For as much as we hear of the vaunted farm system, the Royals are yet to translate the pipeline of young talent to success on the field. Mostly because they continually employ people like Jeff Francoeur, but also because…I don’t know, really. More importantly, their narrative of futility is fun to poke fun at.

Leading off the ninth inning of yesterday’s 2-1 loss to the Detroit Tigers, Eric Hosmer knocked a double off Tigers’ closer Jose Valverde. Okay! The Royals are in business. Tying run on second, nobody out.

After the inevitable Francoeur strikeout, Hosmer grew restless. “This team needs me to create something, it needs a spark” I can only assume Hosmer thought to himself between bouts of madness.

So how did he respond to his own intrinsic motivation to win the game for his team? By getting thrown out trying to steal third base. In the ninth inning. Of a one-run game.

Sure, Valverde wasn’t paying much attention and Avila made a great throw. BUT STILL! The value of that extra 90 feet does not outweigh the penalty of getting caught. He reduced his team’s win probability by 23% after increasing by 24% with the double that got him there.

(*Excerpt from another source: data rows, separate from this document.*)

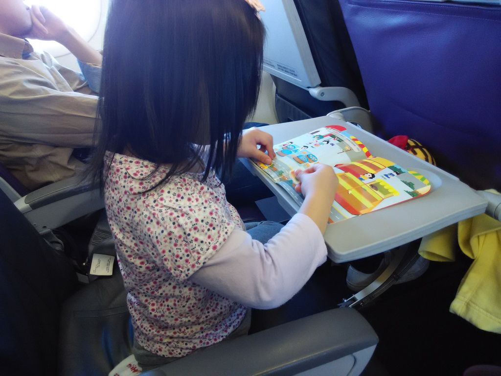 飛行中我給她貼紙書玩...她都滿乖的...
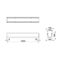 Type M volgens NEN EN 1433. Hoogwaardig vezelversterkt beton C35/45. Met 4mm verzinktstalen randbescherming. Inwendige breedte 100mm. Uitwendige afmetingen lxbxh=1000x158/164x160mm. Kiwa certificaat conform BRL 5070. Voorzien van CE-markering. Gewicht 30kg.
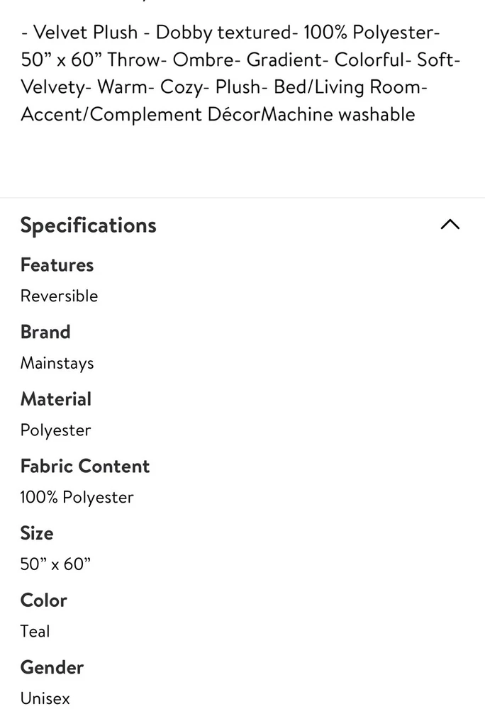 Add a colorful piece to your humble abode with this Mainstay Ombre Dobby Velvet Plush Throw! Crafted with a dobby textured version of our ultra-smooth Velvet Plush fabric, this throw is the ultimate cozy essential that you will love cuddling up with when temperatures drop. The gradient Teal Ombre design has cool tones that will liven up your living room or bedroom. It is low-maintenance, machine washable, and will provide unmatchable warmth when you need it most!
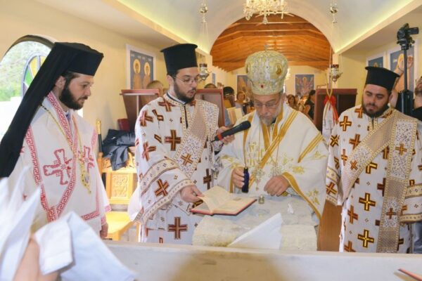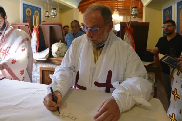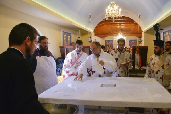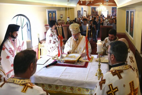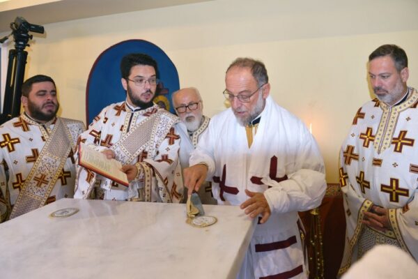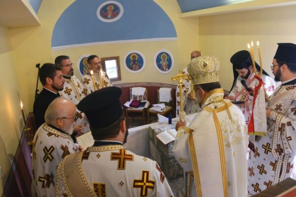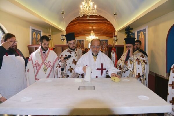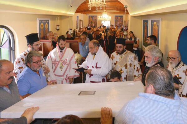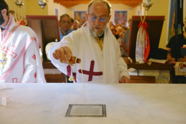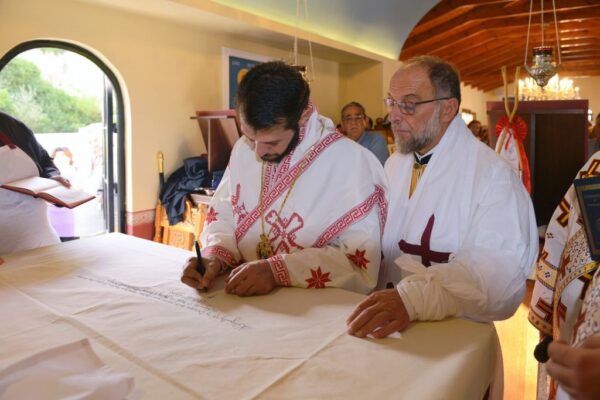 Της Ακολουθίας των Εγκαινίων προέστη ο Σεβασμιώτατος Μητροπολίτης Ρόδου κ. Κύριλλος και συμμετείχε και ο Θεοφιλέστατος Επίσκοπος Ολύμπου κ. Κύριλλος. Στο φυτό της αγίας Τραπέζης κατετέθησαν αποτμήματα τιμίων Λειψάνων των Αγίων: Ιερομαρτύρων Ισιδώρου του εν Βαλή της Κρήτης και Κυρίλλου του Λουκάρεως, Πατριάρχου Κωνσταντινουπόλεως και των Οσιομαρτύρων Πατέρων της Λαύρας του Οσίου Θεοδοσίου.
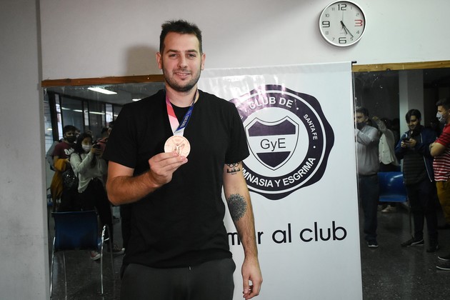 Este viernes 26 de julio de 2024 se meterá en la galería VIP del deporte argentino para siempre: por primera vez un jugador de vóley hará flamear la bandera argentina en un Juego Olímpico. Desde el Sena en París hasta 4 de Enero y Juan de Garay hay miles de kilómetros que lo alejan. Pero ahí, en su única y verdadera casa, la mente y el cuerpo siguen muy sanos. Hace años, el club puso la historia en su lugar. Para ser más concreto, el 8 de julio de 2017 "la Comisión Directiva de Gimnasia y Esgrima llevó adelante la ceremonia de agasajo y mención honoraria a tres de los deportistas mensanas más destacados de las últimas décadas: Conrado Porta, Gabriel Darrás y Luciano De Cecco. Lo hizo en la sede social del club y en una cena rodeado de amigos del básquet, natación y vóley. Conrado, Gabriel y Luciano recibieron una plaqueta de Nuestra Institución y el carnet correspondiente que los declara Socios Honorarios".
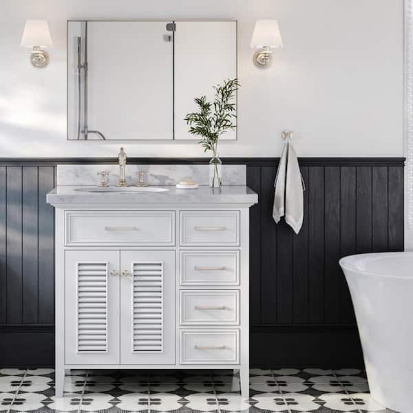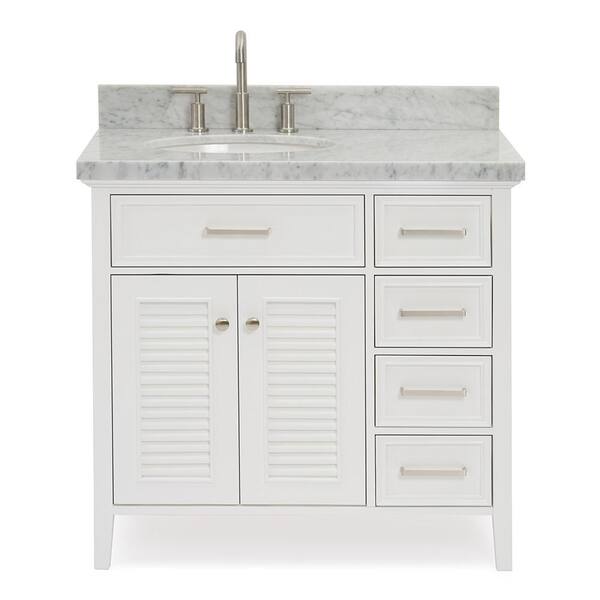 Kensington 37 in. W x 22 in. D x 36 in. H Freestanding Bath Vanity in White with White Marble Top
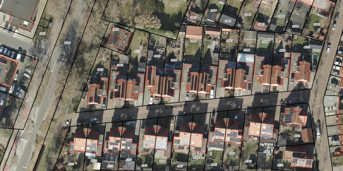 Schulpvijver 15 is gelegen op kadastraal perceel AML01G3994. Deze kadastrale aanduiding is uniek en wordt gebruikt door het Kadaster om eigendomsrechten en andere zakelijke rechten vast te leggen. Het perceel maakt onderdeel uit van de kadastrale gemeente Ambt-Almelo.
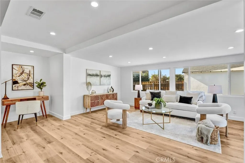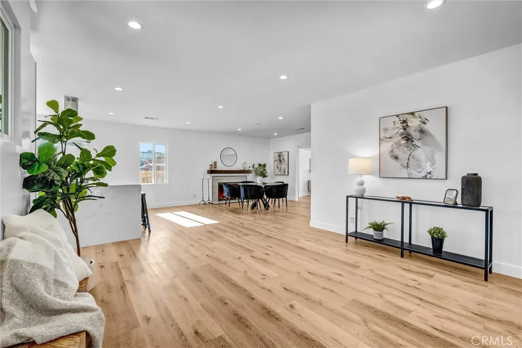 Step inside to a fully renovated interior where every surface has been thoughtfully redesigned. The expansive living room is filled with natural light and flows seamlessly into the dining area and the brand-new chef’s kitchen. The kitchen showcases all-new custom cabinetry, quartz countertops, designer backsplash, stainless steel appliances, and an oversized peninsula perfect for entertaining.
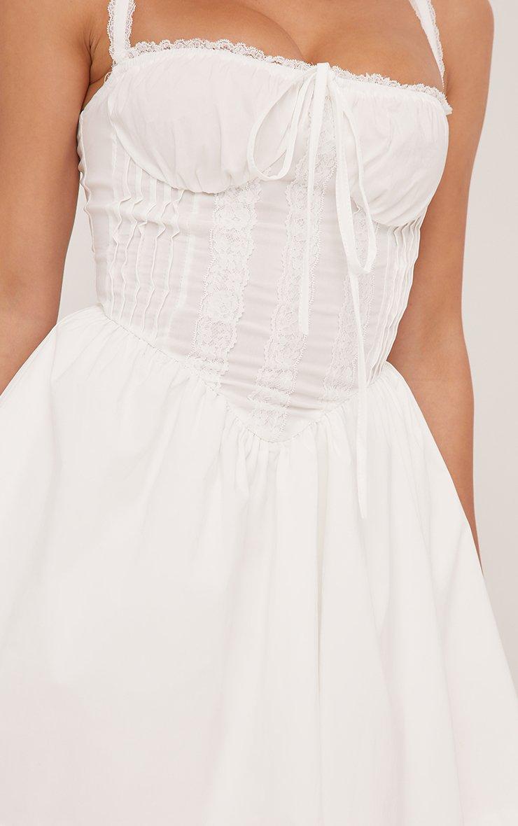 Strappy Square Neck Lace Trim Corseted Mini Skater Dress In White

Quoting WPA stats may not resonate with proponents of “putting pressure on the defense” and “making things happen” but a bad stolen base attempt in this situation is nearly inexcusable. Hosmer isn’t even a base stealer! Only two swipes this year and a minor league career high of 14 across three levels, not many would argue he earned the green light. Royals manager Ned Yost claims Hosmer had the “go if you get a chance” sign with the bottom of the order coming up.

Such is the lot in life for Royals fans. Get Justin Verlander out of the game, stay within a run, get a runner in scoring position against a tough closer. Get one of your corner infielding cornerstones to the plate with the other in scoring position, end the rally succinctly with a sad trombone-worthy stolen base attempt. It’s the Royals Way, really.